This is a simplified guide to an AI model called bisenet-faces maintained by fermatresearch. If you like these kinds of analysis, join AIModels.fyi or follow us on Twitter.

Model overview

bisenet-faces implements BiSeNet, a bilateral segmentation network designed for real-time semantic segmentation focused on face parsing. Created by fermatresearch, this model segments facial images into distinct regions like skin, hair, eyes, and other facial components. The bilateral approach combines detailed spatial information with context to achieve fast processing times without sacrificing accuracy. Unlike general segmentation models, this implementation targets the specific challenge of parsing facial structure with efficiency suitable for real-time applications.

Model inputs and outputs

bisenet-faces accepts images and processes them through a configurable pipeline. The model outputs segmentation masks that identify different facial regions with pixel-level precision. Input resolution can be adjusted for speed versus detail tradeoffs, and the model supports different backbone architectures for varying performance characteristics.

Inputs

Outputs

Capabilities

The model identifies and separates facial components including face boundaries, skin regions, hair, eyebrows, eyes, nose, lips, and neck areas. It processes faces at multiple resolutions and can run efficiently on both CPU and GPU hardware.
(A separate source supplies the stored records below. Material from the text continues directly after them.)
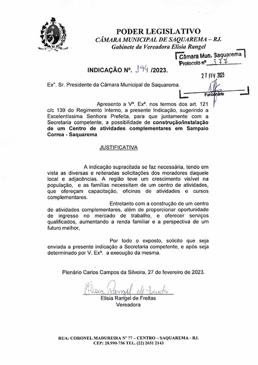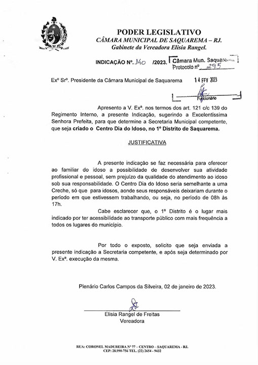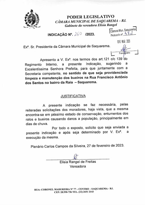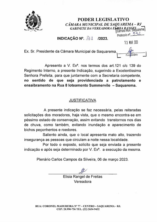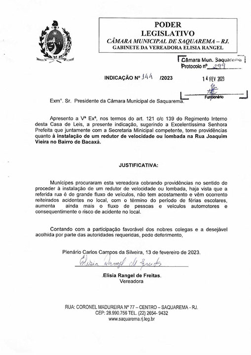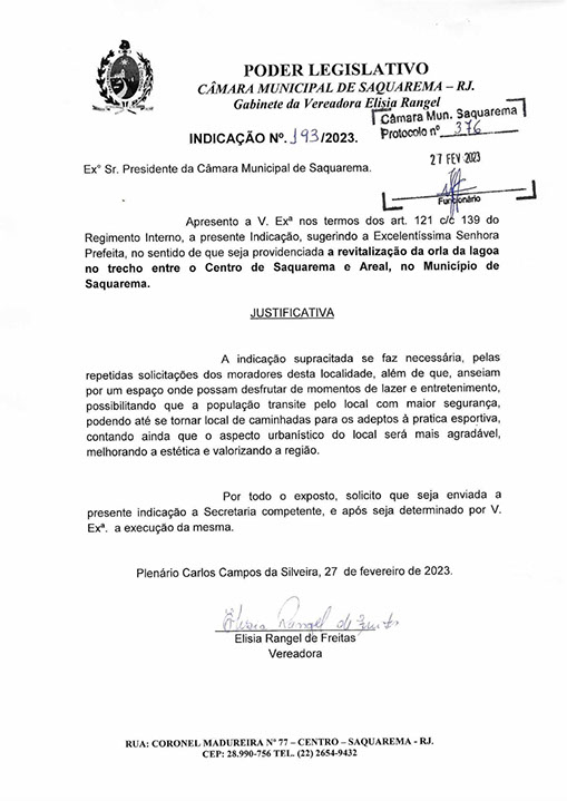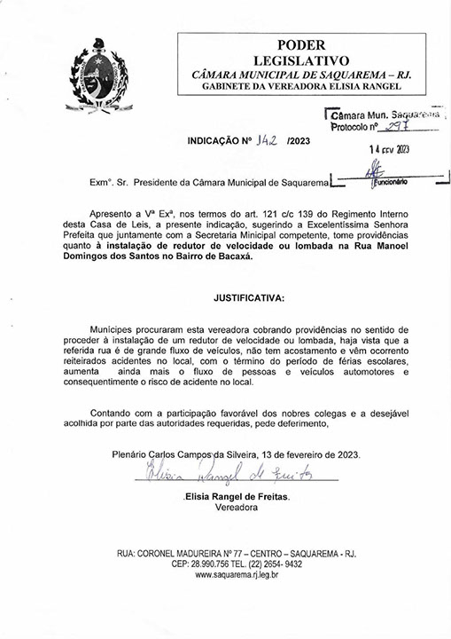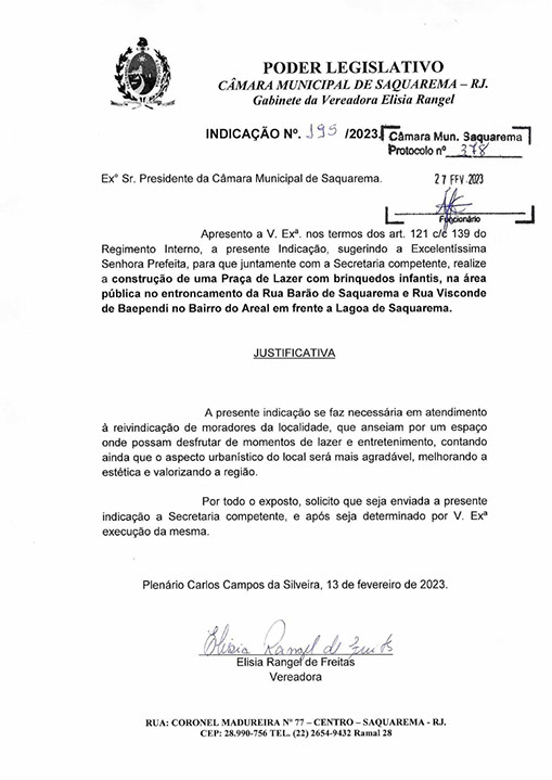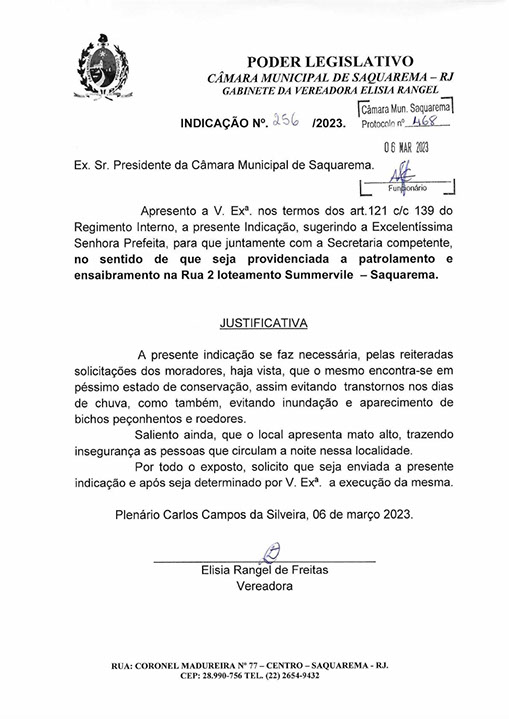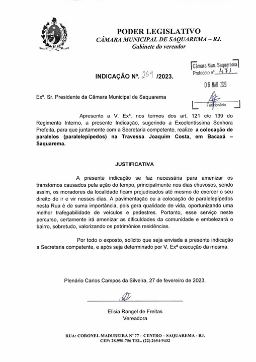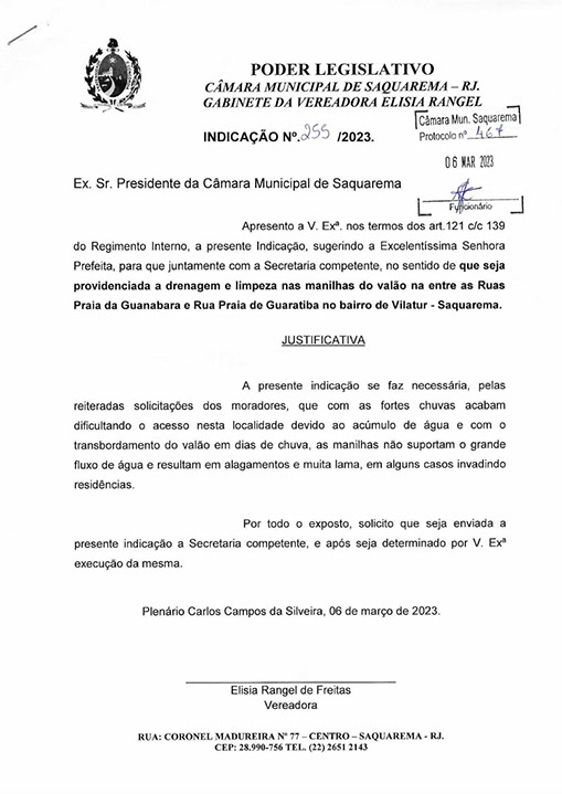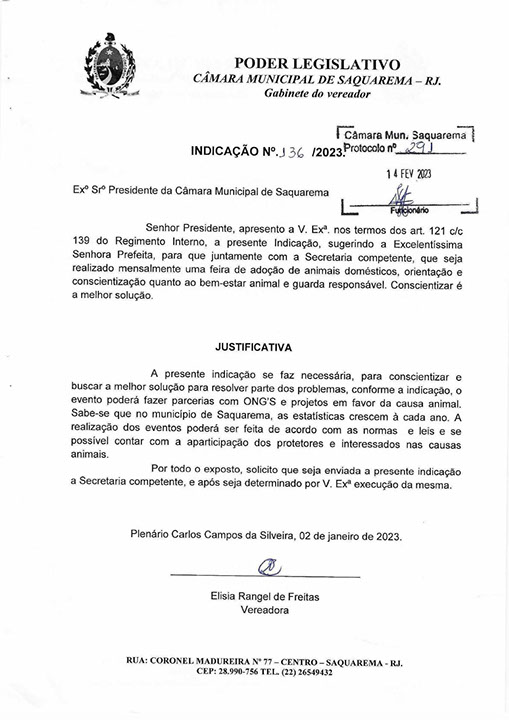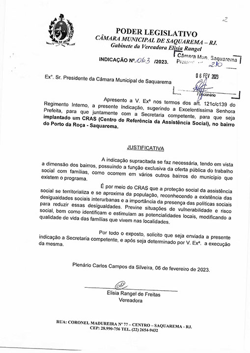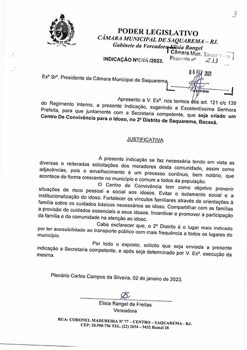 Estão presentes aqui indicações apresentadas por iniciativa de Elisia Rangel durante o seu mandato vigente como Vereadora do Município de Saquarema, na Região dos Lagos do estado do Rio de Janeiro.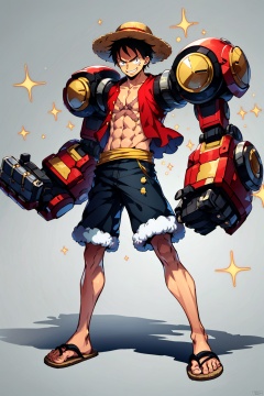 1boy,abs,full body,fur trim,gradient,gradient background,grey background,hat,helmet,male focus,mecha,mechanical arms,monkey d. luffy,open clothes,pectorals,power armor,robot,sandals,shorts,single mechanical arm,smile,solo,sparkle,straw hat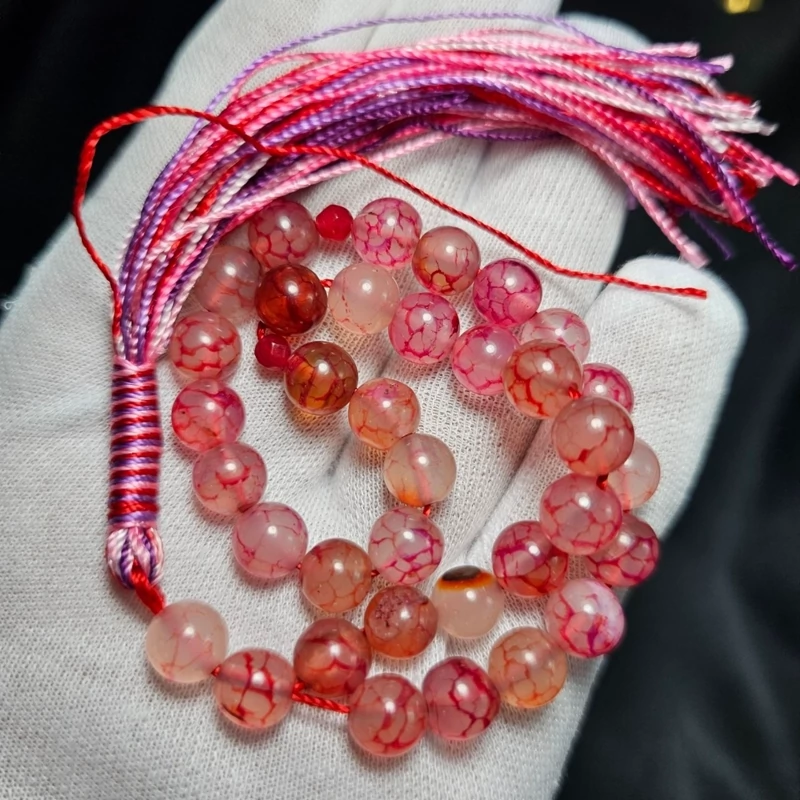 تسبیح 33 دانه سنگ عقیق صورتی دراگون معدنی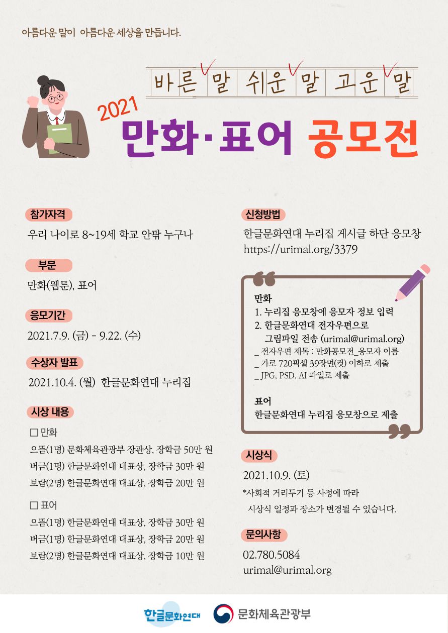 <2021 바른 말 쉬운 말 고운 말 만화·표어 공모전>
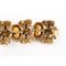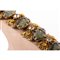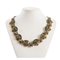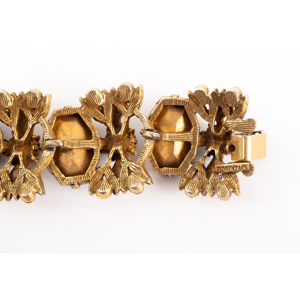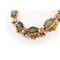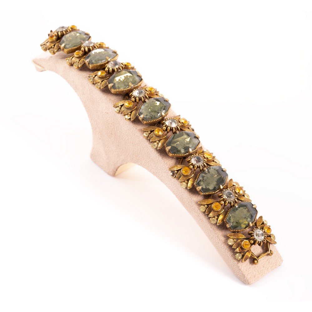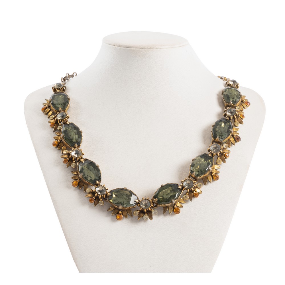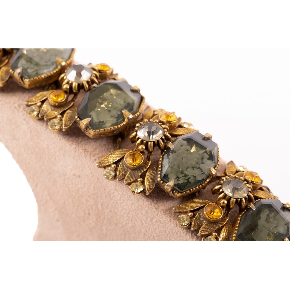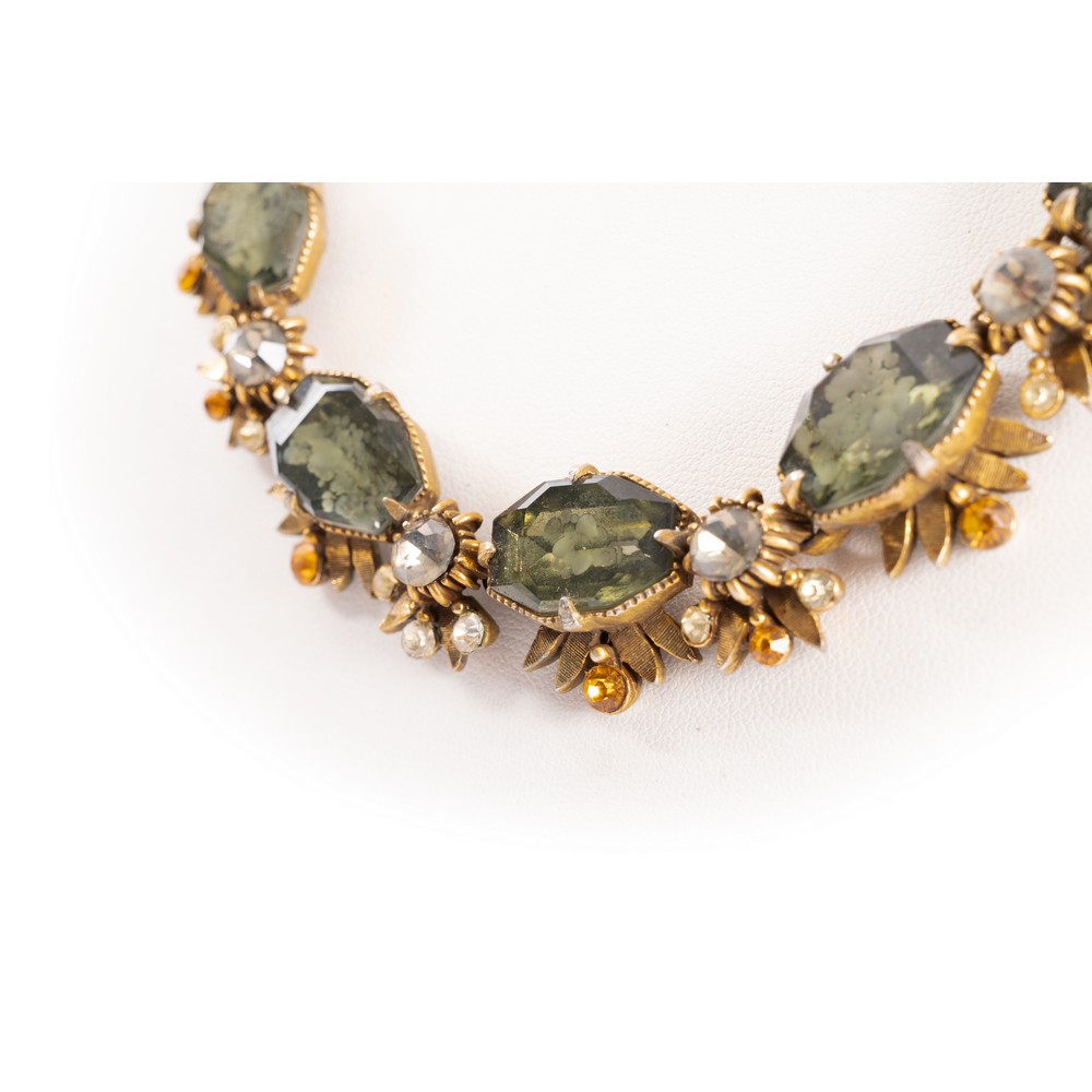 Parure composta da collier e bracciale in metallo dorato con grosse losanghe in strass verde, ambra e bianchi. Marchio di produzione.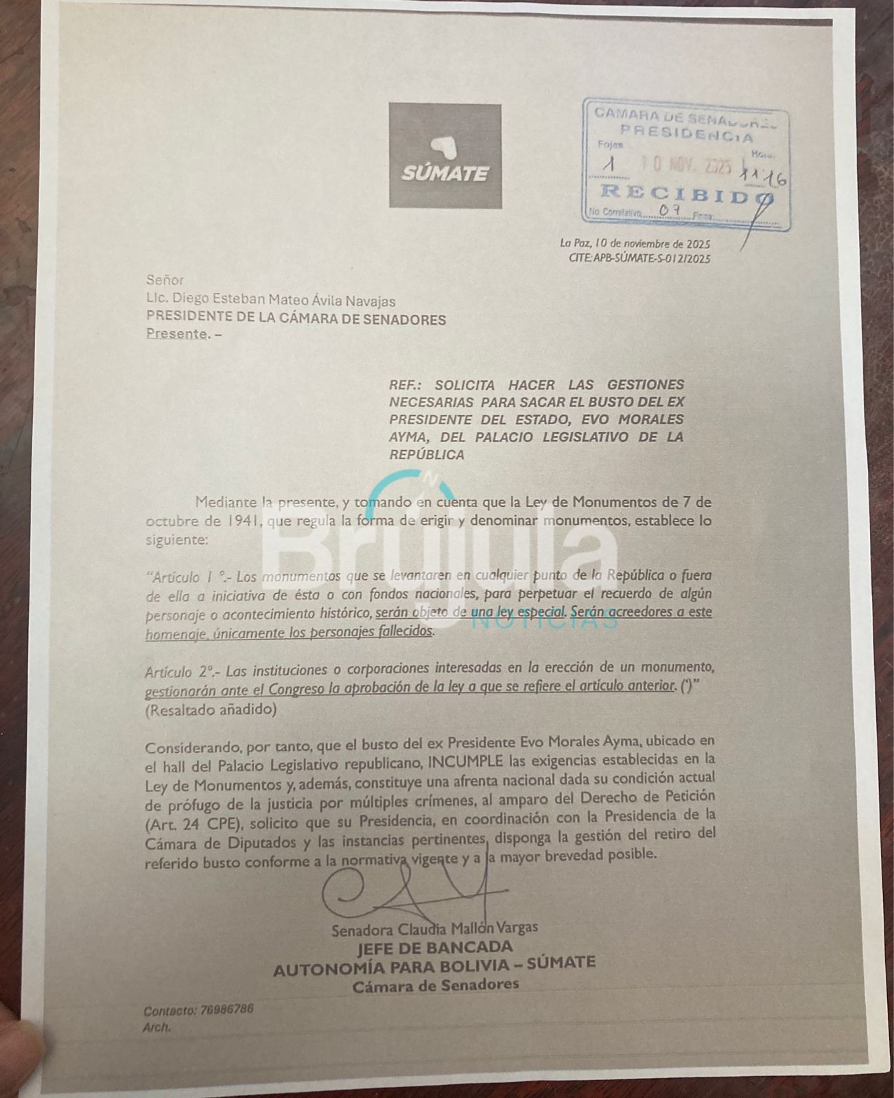 “Considerando, por tanto, que el busto del expresidente Evo Morales, ubicado en el hall del Palacio Legislativo republicano, incumple las exigencias establecidas en la ley de Monumentos y, además, constituye una afrenta nacional dada su condición actual de prófugo de la justicia por múltiples crímenes, solicito a su presidencia en coordinación con la presidencia de Cámara de Diputados y las instancias pertinentes, disponga la gestión del retiro del referido busto conforme a la normativa vigente”, señala la carta enviada por los legisladores.

The ResNet18 backbone provides a lightweight option for resource-constrained environments, while ResNet34 offers improved accuracy for higher-quality segmentation. The model handles various image qualities and lighting conditions typical in real-world face parsing scenarios.

What can I use it for?

Face parsing enables numerous applications in beauty technology, virtual try-on systems, facial animation, and beauty product recommendation engines. Developers can integrate this model into applications that require understanding facial geometry, such as makeup simulation, hairstyle visualization, or skin analysis tools. The real-time performance makes it suitable for streaming applications and interactive experiences where latency matters. Companies in the beauty, gaming, and virtual reality sectors can use this technology to enhance their products with intelligent facial region detection and processing.

Things to try

Experiment with different backbone architectures to find the optimal balance between speed and segmentation quality for your specific use case. Test various input resolutions to understand how pixel density affects parsing accuracy for different facial feature types—smaller faces may require higher resolutions while larger faces work well at lower settings. Try enabling FP16 precision if running on CUDA hardware to improve throughput while monitoring whether the reduced precision impacts your segmentation requirements. Process diverse face images varying in ethnicity, age, and lighting conditions to evaluate model robustness across different demographics and environmental scenarios.